(Beginning of Provided information)

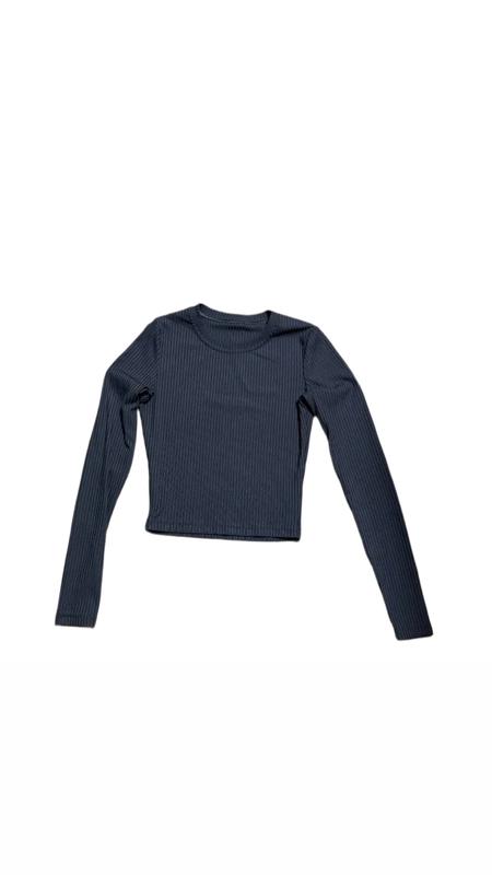 Кроп-лонгслів у рубчик • Розмір: S. • Колір: Графітовий • Тканина: Еластичний трикотаж у вертикальний рубчик. • Фасон: Вкорочена модель (crop), довгі рукави, круглий виріз. • Стан: Відмінний. Базова річ, що ідеально поєднується з високою посадкою шортів чи спідниці.
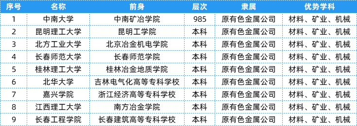12.有色金属公司相关院校共有9所,层次、隶属及优势学科等具体信息可以参考下表~
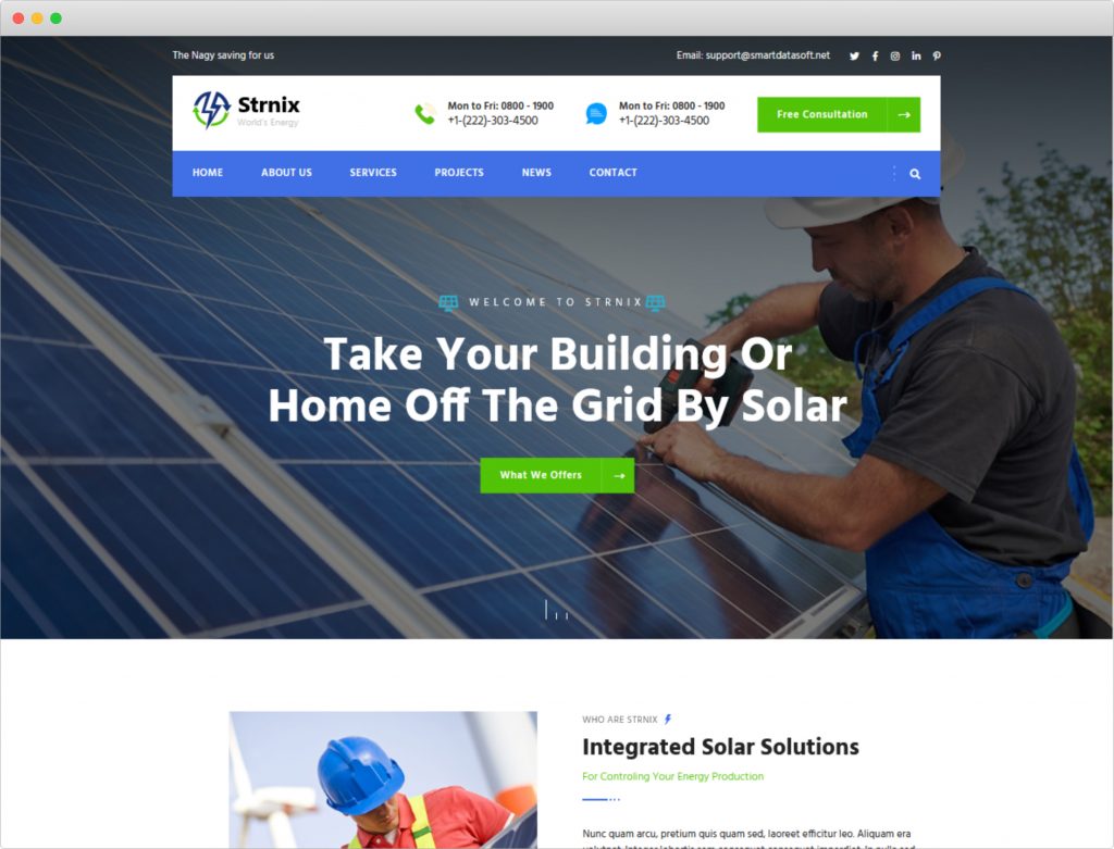 Here’s something new and it you might like. Templified made it and it’s called Strnix, Solar Panel Manufacturer WordPress Theme.
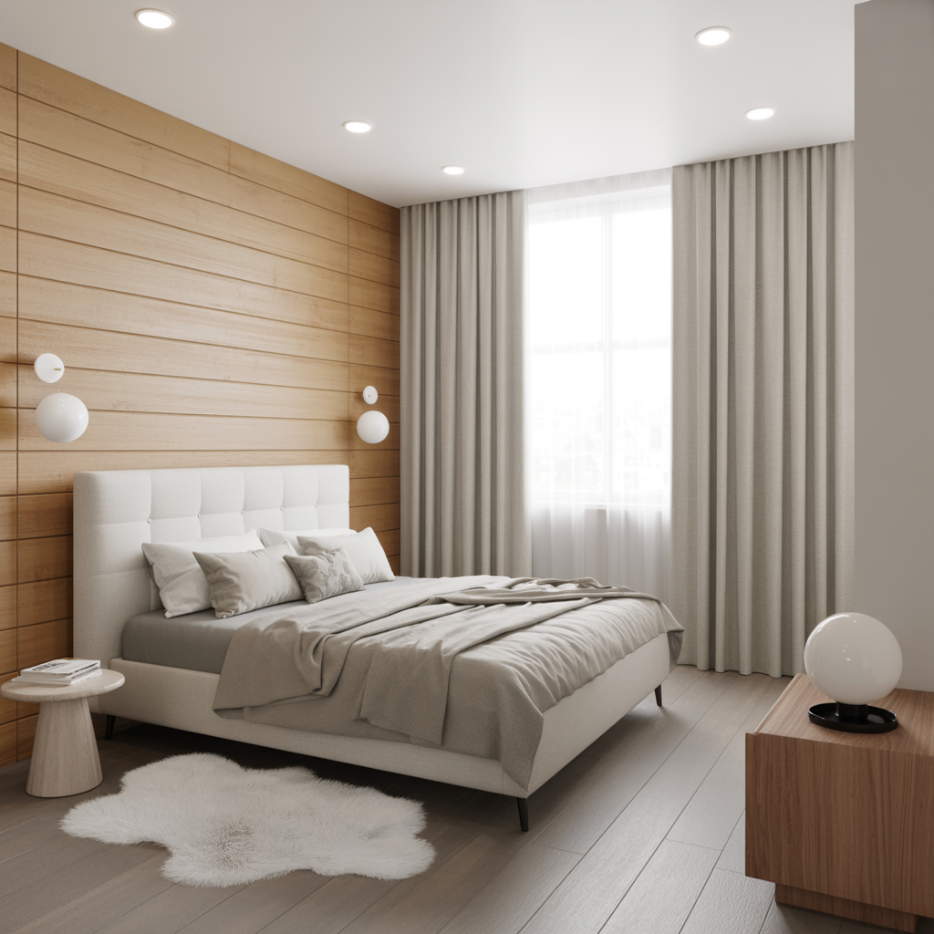 What sets this style apart is its minimalist approach — everything has a purpose, and every element adds to the sense of peace. Whether you install vertical slats or flat panels in soft-blonde wood tones, the result is always clean, modern, and elegant. This design is perfect for small bedrooms too, as it visually opens up the space and makes it feel larger.
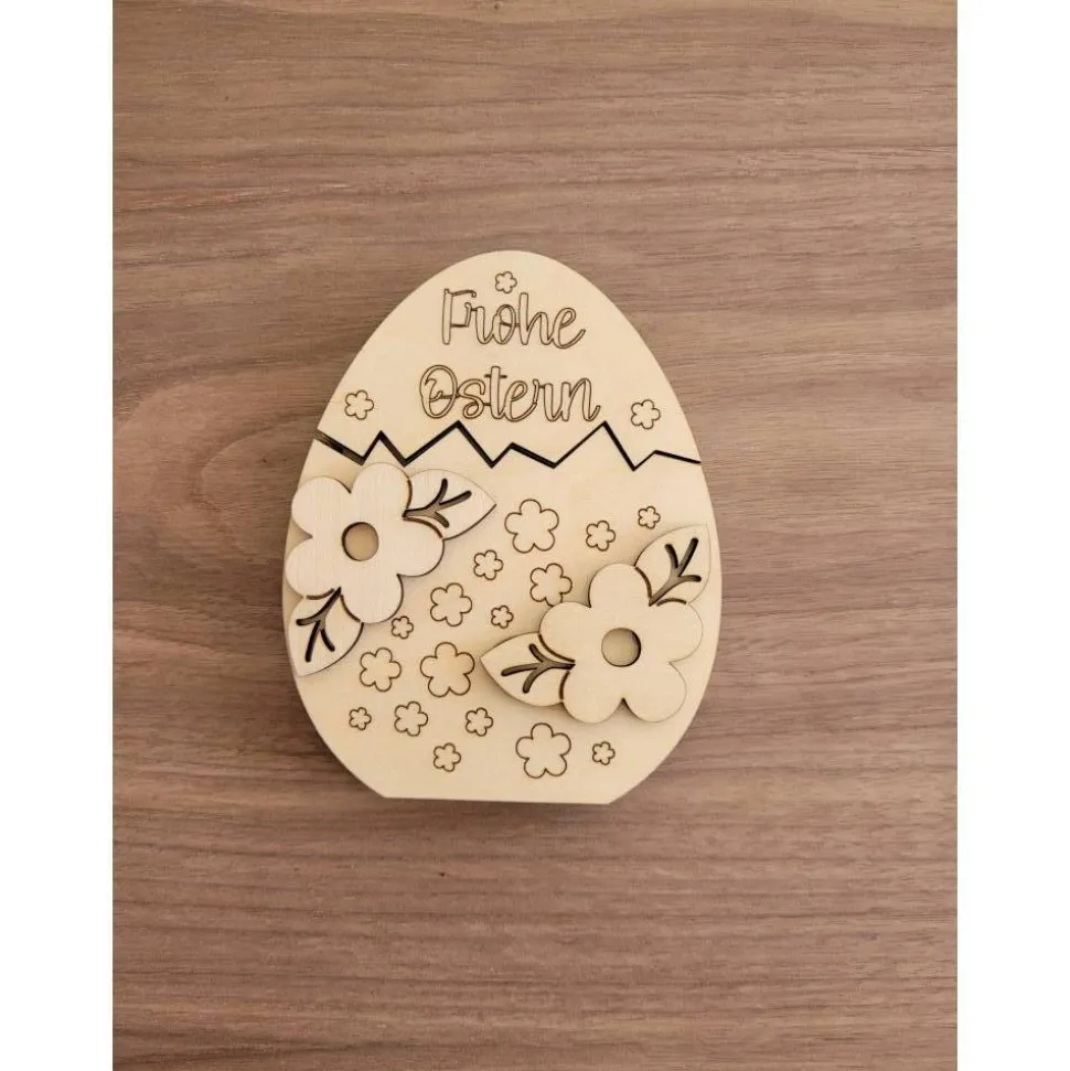 Das Ei ist mit modernen Lasertechniken graviert und gelasert. Auf Wunsch können wir auch einen persönlichen Namen auf der Rückseite verewigen. Der Deckel lässt sich leicht anheben, um den Geldschein sicher hineinzulegen.

(End of Provided information)

* _Exercise objective_
Return every entry above exactly as written, minus the pictures.

* _Expected output_
 Кроп-лонгслів у рубчик • Розмір: S. • Колір: Графітовий • Тканина: Еластичний трикотаж у вертикальний рубчик. • Фасон: Вкорочена модель (crop), довгі рукави, круглий виріз. • Стан: Відмінний. Базова річ, що ідеально поєднується з високою посадкою шортів чи спідниці.
12.有色金属公司相关院校共有9所,层次、隶属及优势学科等具体信息可以参考下表~
 Here’s something new and it you might like. Templified made it and it’s called Strnix, Solar Panel Manufacturer WordPress Theme.
 What sets this style apart is its minimalist approach — everything has a purpose, and every element adds to the sense of peace. Whether you install vertical slats or flat panels in soft-blonde wood tones, the result is always clean, modern, and elegant. This design is perfect for small bedrooms too, as it visually opens up the space and makes it feel larger.
 Das Ei ist mit modernen Lasertechniken graviert und gelasert. Auf Wunsch können wir auch einen persönlichen Namen auf der Rückseite verewigen. Der Deckel lässt sich leicht anheben, um den Geldschein sicher hineinzulegen.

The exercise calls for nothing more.